▸ Data
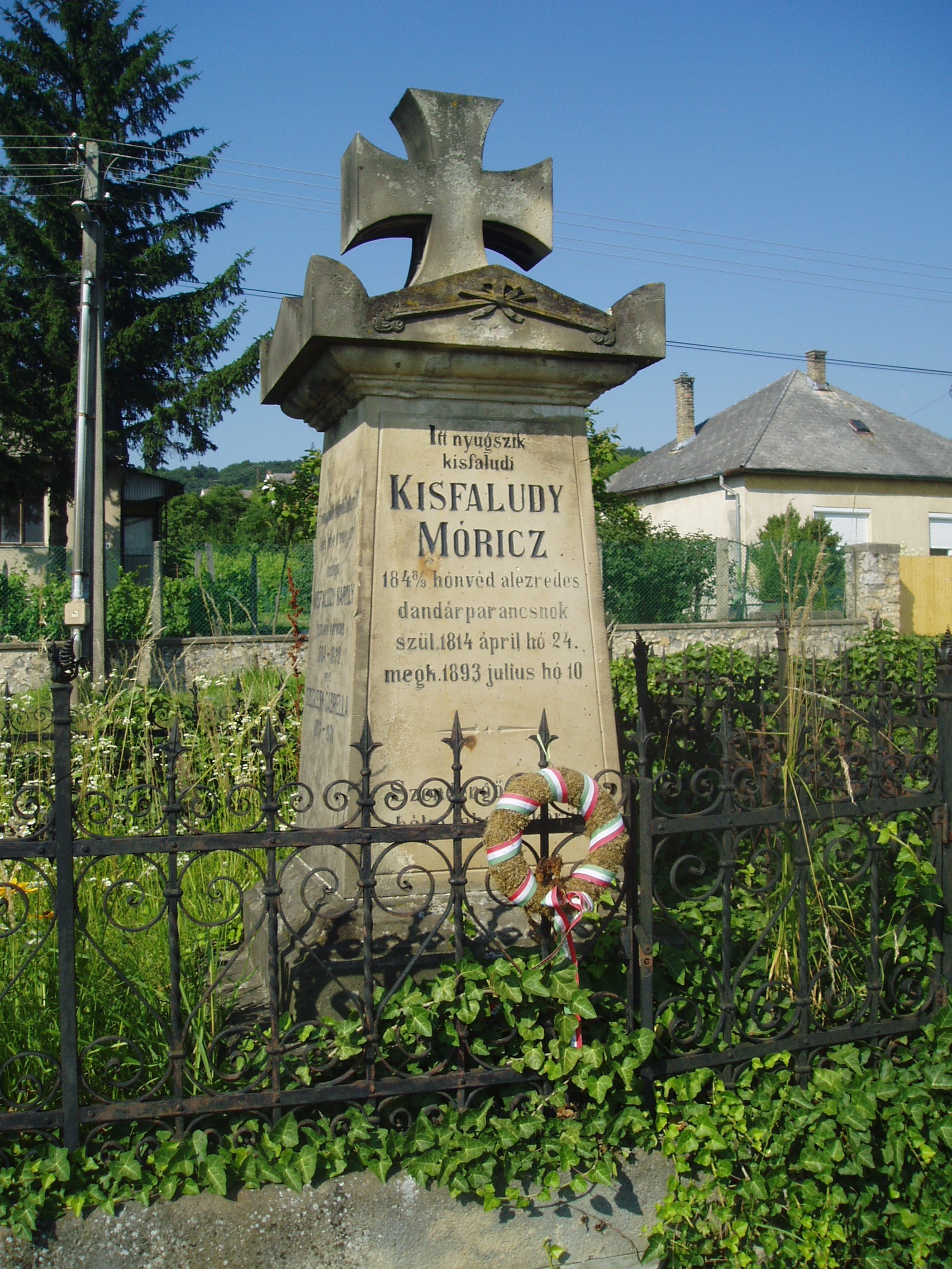 Nyilvános 1219 | 3297 | Sümeg, Temető. Kisfaludy Mór sírja | Sümeg délkeleti határában, a Tapolcára vezető út mellett emelkedő lankás domboldalon találjuk a város köztemetőjét. Helyét még Bíró Márton püspök jelölte ki; jelentősebb számban a XIX. század eleje óta kezdtek ide temetkezni. A temetődomb tetején áll az 1816-ban épített, későbarokk stílusú temetőkápolna. Körülötte a sümegi élet utolsó két évszázada szinte valamennyi híres személyiségének sírja fellelhető. A Tapolcai útra nyíló alsó temetőkapu mellett található Kisfaludy Mór és családja sírkertje. Az empire stílusú sírkő eredetileg Szegedy Róza nyughelyét jelölte. Amikor az 1900-as évek elején egyesítették sírját férjéével, átfaragták sírkövét, s azóta Kisfaludy Mór és családja sírját jelöli. Itt nyugszik Kisfaludy Mór (1814-1893) 1848-as honvéd alezredes, dandárparancsnok, Kisfaludy Sándor unokaöccse. Részt vett az isaszegi, a kápolnai, a pákozdi harcokban, jelen volt Budavár visszafoglalásánál. Aradon halálra ítélték, amit később 16 év várfogságra változtattak. Ismerősei közbenjárására két év múlva kiszabadult, s Sümegre költözött. Véglegesen visszavonult a közélettől, gazdálkodással foglalkozott. Több családtagja is itt van eltemetve. A fénykép 2007 júniusában készült. Felh. irod.: Koppány Tibor - Kozák Károly: Sümeg útikalauz. Veszprém, Idegenforgalmi Hivatal, 1965 Sümegi kalauz. Sümeg, Sümegi Fórum Alapítvány, 1993 Miklósi-Sikes Csaba: Kőbe vésett történelem. A sümegi városi temetők története és sírjelei 1950-ig. Sümeg, Sümegi Fórum Alapítvány, 2002 Veszprém megyei életrajzi lexikon. Veszprém, Veszprém Megyei Önkormányzat Közgyűlése, 1998 |
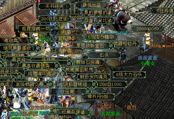 大家好,新宝石系统在试玩服务器已经出来数日了,很多玩家也已经对此玩法比较熟悉,但咱们这些常规服务器的玩家却还无缘一试,今天小贝就带大家来看看,这些新的宝石在试玩服务器中的价值如何! 进到试玩服务器,宝石小贩附近从早到晚都是红旗招展,人山人海~ 而宝石主要出售的市场,基本都集中在洛阳集市去往何大雷的这条路上: 相信还有很多新手玩家不知道,禁交易的宝石该怎么交易?就是要用到下面这家伙,打在装备上就可以交易,用的时候花费体力拆除下来就可以咯,这也是目前禁交易宝石唯一的交易方法: 看看和本区终极修炼丹的对比,知道这新道具有多火了吧: 下面就看来看看,各等级、各种类的新宝石,在试玩服务器已经卖到什么价了呢: |
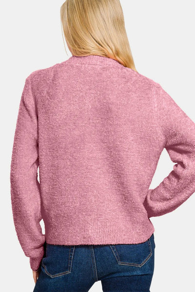 The button-down long sleeve sweater cardigan is a timeless addition to your wardrobe. This versatile piece features a classic button-front design, making it easy to layer over tops or dresses. With long sleeves for warmth and comfort, it's perfect for transitional weather. The cozy knit fabric offers a relaxed fit, ideal for both casual and dressed-up occasions. Pair it with jeans for a laid-back look or with tailored trousers for something more polished. Embrace effortless style and versatility with this essential cardigan!

▸ Requirement
Pictures are to be left out. Otherwise, copy the material above exactly.

▸ Exercise output
 Nyilvános 1219 | 3297 | Sümeg, Temető. Kisfaludy Mór sírja | Sümeg délkeleti határában, a Tapolcára vezető út mellett emelkedő lankás domboldalon találjuk a város köztemetőjét. Helyét még Bíró Márton püspök jelölte ki; jelentősebb számban a XIX. század eleje óta kezdtek ide temetkezni. A temetődomb tetején áll az 1816-ban épített, későbarokk stílusú temetőkápolna. Körülötte a sümegi élet utolsó két évszázada szinte valamennyi híres személyiségének sírja fellelhető. A Tapolcai útra nyíló alsó temetőkapu mellett található Kisfaludy Mór és családja sírkertje. Az empire stílusú sírkő eredetileg Szegedy Róza nyughelyét jelölte. Amikor az 1900-as évek elején egyesítették sírját férjéével, átfaragták sírkövét, s azóta Kisfaludy Mór és családja sírját jelöli. Itt nyugszik Kisfaludy Mór (1814-1893) 1848-as honvéd alezredes, dandárparancsnok, Kisfaludy Sándor unokaöccse. Részt vett az isaszegi, a kápolnai, a pákozdi harcokban, jelen volt Budavár visszafoglalásánál. Aradon halálra ítélték, amit később 16 év várfogságra változtattak. Ismerősei közbenjárására két év múlva kiszabadult, s Sümegre költözött. Véglegesen visszavonult a közélettől, gazdálkodással foglalkozott. Több családtagja is itt van eltemetve. A fénykép 2007 júniusában készült. Felh. irod.: Koppány Tibor - Kozák Károly: Sümeg útikalauz. Veszprém, Idegenforgalmi Hivatal, 1965 Sümegi kalauz. Sümeg, Sümegi Fórum Alapítvány, 1993 Miklósi-Sikes Csaba: Kőbe vésett történelem. A sümegi városi temetők története és sírjelei 1950-ig. Sümeg, Sümegi Fórum Alapítvány, 2002 Veszprém megyei életrajzi lexikon. Veszprém, Veszprém Megyei Önkormányzat Közgyűlése, 1998 |
 大家好,新宝石系统在试玩服务器已经出来数日了,很多玩家也已经对此玩法比较熟悉,但咱们这些常规服务器的玩家却还无缘一试,今天小贝就带大家来看看,这些新的宝石在试玩服务器中的价值如何! 进到试玩服务器,宝石小贩附近从早到晚都是红旗招展,人山人海~ 而宝石主要出售的市场,基本都集中在洛阳集市去往何大雷的这条路上: 相信还有很多新手玩家不知道,禁交易的宝石该怎么交易?就是要用到下面这家伙,打在装备上就可以交易,用的时候花费体力拆除下来就可以咯,这也是目前禁交易宝石唯一的交易方法: 看看和本区终极修炼丹的对比,知道这新道具有多火了吧: 下面就看来看看,各等级、各种类的新宝石,在试玩服务器已经卖到什么价了呢: |
 The button-down long sleeve sweater cardigan is a timeless addition to your wardrobe. This versatile piece features a classic button-front design, making it easy to layer over tops or dresses. With long sleeves for warmth and comfort, it's perfect for transitional weather. The cozy knit fabric offers a relaxed fit, ideal for both casual and dressed-up occasions. Pair it with jeans for a laid-back look or with tailored trousers for something more polished. Embrace effortless style and versatility with this essential cardigan!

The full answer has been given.